BRIEF DESCRIPTION OF DRAWINGS
[0009] FIG. 1 is a perspective view schematically illustrating a
transformer device 1A according to an embodiment (first
embodiment);
[0010] FIG. 2 is a schematic cross-sectional view of the
transformer device 1A;
[0011] FIG. 3 is a cross-sectional view of a transformer device in
a comparison example;
[0012] FIGS. 4A to 4C are an explanatory diagram (1) of an example
of a method for manufacturing the transformer device 1A;
[0013] FIGS. 5A to 5C are an explanatory diagram (2) of the example
of the method for manufacturing the transformer device 1A;
[0014] FIGS. 6A to 6C are an explanatory diagram of another example
of the method for manufacturing the transformer device 1A;
[0015] FIG. 7 is a cross-sectional view schematically illustrating
a transformer device 1B according to another embodiment (second
embodiment);
[0016] FIGS. 8A and 8B are an explanatory diagram of an example of
a method for manufacturing the transformer device 1B;
[0017] FIGS. 9A to 9C are an explanatory diagram of another example
of the method for manufacturing the transformer device 1B; and
[0018] FIG. 10 is a cross-sectional view schematically illustrating
a transformer device 1C according to another embodiment (third
embodiment).
DESCRIPTION OF EMBODIMENTS
[0019] Hereinafter, embodiments will be described in detail with
reference to the accompanying drawings.
[0020] FIG. 1 is a perspective view schematically illustrating a
transformer device 1A according to an embodiment (first
embodiment). FIG. 2 is a schematic cross-sectional view of the
transformer device 1A. FIG. 1 is a perspective view of a rear side
of the transformer device 1A. In FIGS. 1 and 2, bonding sections
bonded by a solder or an electrically conductive adhesive are
illustrated in a semi-transparent manner by textured shading for
convenience to allow the inside of the section to be known. In
addition, in FIG. 2, a conducting wire 60 is illustrated
schematically rather than cross-sectionally for convenience to
facilitate understanding.
[0021] The transformer device 1A includes a transformer 10, a case
20, an external terminal 30, a relay section 40, and the conducting
wire 60. In the example illustrated in FIG. 1, the transformer
device 1A includes four transformers 10. However, the number of
transformers 10 is arbitrary. In addition, the transformer device
1A may include electronic components other than the transformers
10. Hereafter, a single transformer 10 will basically be described
as a representative. However, the description may similarly apply
to the other transformers 10.
[0022] The transformer device 1A may be mounted on a substrate.
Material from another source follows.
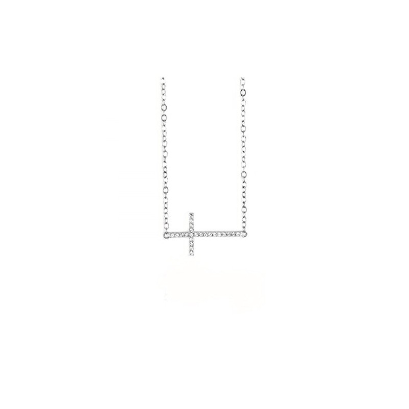 The Royal Gift Sterling Silver 925 Sideways CZ Cross Adjustable Womens Neckla...
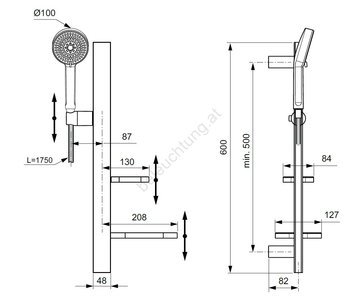 • Die Duschstange hat eine Gesamtlänge von 600 mm und einen minimalen Befestigungsabstand von 500 mm.

In
the example illustrated in FIG. 1, mounting of the transformer
device 1A may be actualized by the external terminal 30 (section
projecting from the case 20) being bonded by a solder or the like
to a predetermined position on the substrate. Here, for
convenience, directions related to front side and rear side are
defined with the side opposing the substrate during mounting of the
transformer device 1A as the rear side.
[0023] The transformer 10 includes a core 12 serving as a magnetic
body core and a winding 14. The configuration of the transformer 10
is arbitrary. For example, the transformer 10 may be a toroidal
transformer or an EI transformer. In the example illustrated in
FIG. 1, the transformer 10 is a toroidal type, and the core 12 is
ring-shaped. The winding 14 may be composed of a copper wire, for
example. The winding 14 may include two windings (primary winding
and secondary winding) for a single transformer 10. Hereafter, a
single winding 14 will basically be described as a representative.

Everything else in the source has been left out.